14
Que Sigmar os haga veloces
La mente de Reiner trabajaba a toda prisa para encontrar alguna manera de vencer a los espadones. Era imposible. Se trataba de consumados veteranos. Lo habían visto todo. Estaban preparados para cualquier truco y armados hasta los dientes. ¿Qué podía hacer para desconcertarlos, para sorprenderlos?
La puerta estaba abriéndose. Vio a cuatro Portadores del Martillo de pie al otro lado, con las espadas desnudas. El comandante llevaba un farol a un lado. Tenían el aspecto de cazadores de brujas en plena cacería, hombres que veían pecado en todo.
El corazón le latió con fuerza. ¡Ya lo tenía!
—¡Franka!
Cogió a la muchacha por una muñeca y la arrastró hasta situarla delante de la puerta en el preciso momento en que los espadones entraban y alzaban las espadas.
—Ha llegado vuestra hora, villanos —dijo el comandante.
Reiner se echó a llorar y estrechó a Franka entre los brazos.
—¡Bésame, amado mío! —La acción siguió a las palabras y apretó los labios contra los de ella con toda la pasión de que fue capaz.
Los espadones quedaron boquiabiertos, paralizados por la conmoción. La punta de la espada del comandante golpeó el suelo de piedra.
—¿Qué abominación es ésta? Invertidos degenerados…
Con la rapidez de una anguila, Jergen corrió hacia el grupo y le dio una patada al farol, que salió despedido de la mano del comandante, para luego arrancarle la espada de los dedos flojos en el momento en que la estancia quedaba sumida en tinieblas.
—¡A ellos! —gritó Reiner.
Se lanzó hacia las rodillas del segundo hombre mientras Franka le daba un cabezazo en el pecho. El soldado cayó al suelo. En torno a él, Reiner oía, aunque no veía, espadas que resonaban al cargar, puños que se estrellaban contra cuerpos, hombres que gruñían y se quejaban. Se oyó un grito ahogado seco y el inconfundible sonido del acero que hendía un cuerpo.
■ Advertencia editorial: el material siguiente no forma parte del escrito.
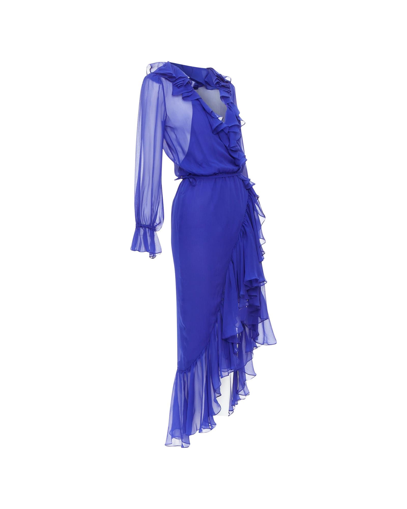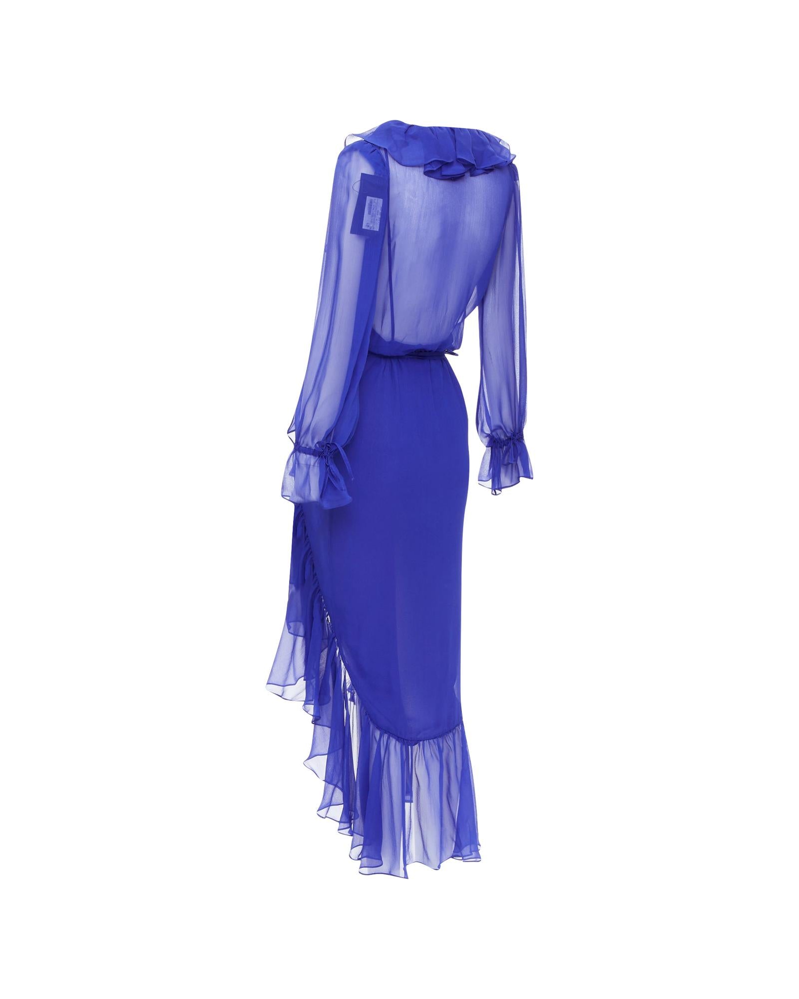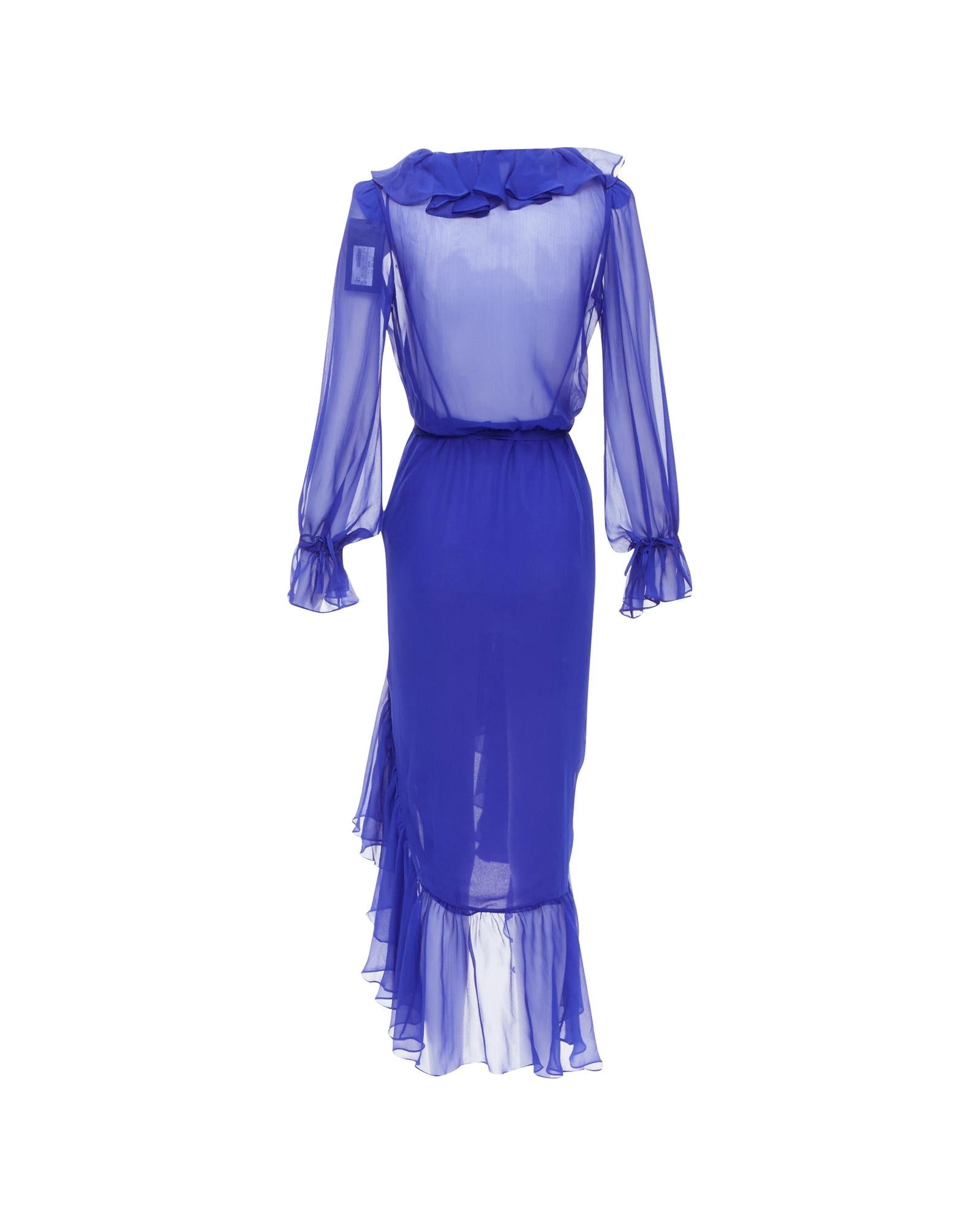 Pre-owned Elegant Long Sleeve Ruffle Dress with Tie Closure and Sheer Design

Reiner manoteaba en busca del brazo con que el soldado sujetaba la espada para intentar cogerlo antes de que el hombre pudiera herirlo, pero en su intento atrapó la espada y se abrió un tajo en la base del dedo pulgar. Rodeó la hoja con los brazos y la apretó contra su cuerpo mientras el hombre intentaba liberarla.
—¡Siéntate sobre él!
—¡Estoy sentada sobre él! —respondió la voz de Franka.
Reiner forcejeaba con el hombre e intentaba darle un rodillazo en la entrepierna; por toda la celda sonaban gritos, golpes e impactos metálicos. Cerca de él oyó un chasquido desagradable y el hombre sufrió una convulsión. Un segundo chasquido y toda la fuerza abandonó el cuerpo del soldado. Otro, y soltó la espada.
—Franka. Basta.
—Bien.
Reiner cogió la espada del Portador del Martillo y se puso de pie, pero los demás sonidos de lucha estaban apagándose salvo por una última pelea cuerpo a cuerpo que tenía lugar en el centro de la celda.
—¡Es mí que tú tener! —se oyó que decía la voz de Giano—. ¡Quitar él…!
Reiner manoteó en la oscuridad y encontró el farol. Lo cogió y rebuscó el yesquero en el bolsillo del cinturón, pero la llama no se había apagado del todo, sólo había disminuido, y ahora volvió a la vida.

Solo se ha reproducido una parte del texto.